┌─ Data listing

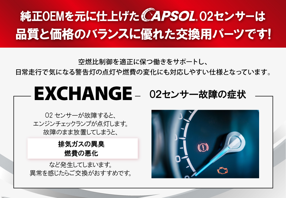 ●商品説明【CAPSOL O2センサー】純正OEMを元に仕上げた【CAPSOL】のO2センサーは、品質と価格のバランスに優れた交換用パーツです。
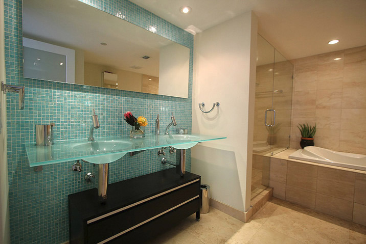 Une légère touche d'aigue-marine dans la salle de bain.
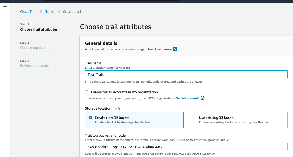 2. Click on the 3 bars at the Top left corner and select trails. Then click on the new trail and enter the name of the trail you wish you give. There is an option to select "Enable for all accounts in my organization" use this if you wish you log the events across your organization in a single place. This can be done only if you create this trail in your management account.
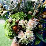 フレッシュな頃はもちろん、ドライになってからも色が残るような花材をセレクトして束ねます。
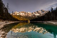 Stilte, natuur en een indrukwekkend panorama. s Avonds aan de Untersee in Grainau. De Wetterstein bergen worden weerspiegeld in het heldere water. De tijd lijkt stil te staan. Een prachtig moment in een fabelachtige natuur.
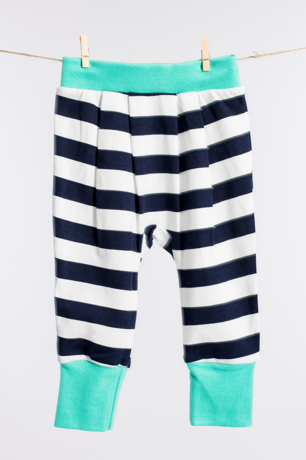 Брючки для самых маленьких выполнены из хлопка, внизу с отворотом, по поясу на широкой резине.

└─

→ Try it:
The required output is the exact run of lines from the start of the records through the line containing "Stilte, natuur en", both ends included, with no pictures.

→ Result for this task:
 ●商品説明【CAPSOL O2センサー】純正OEMを元に仕上げた【CAPSOL】のO2センサーは、品質と価格のバランスに優れた交換用パーツです。
 Une légère touche d'aigue-marine dans la salle de bain.
 2. Click on the 3 bars at the Top left corner and select trails. Then click on the new trail and enter the name of the trail you wish you give. There is an option to select "Enable for all accounts in my organization" use this if you wish you log the events across your organization in a single place. This can be done only if you create this trail in your management account.
 フレッシュな頃はもちろん、ドライになってからも色が残るような花材をセレクトして束ねます。
 Stilte, natuur en een indrukwekkend panorama. s Avonds aan de Untersee in Grainau. De Wetterstein bergen worden weerspiegeld in het heldere water. De tijd lijkt stil te staan. Een prachtig moment in een fabelachtige natuur.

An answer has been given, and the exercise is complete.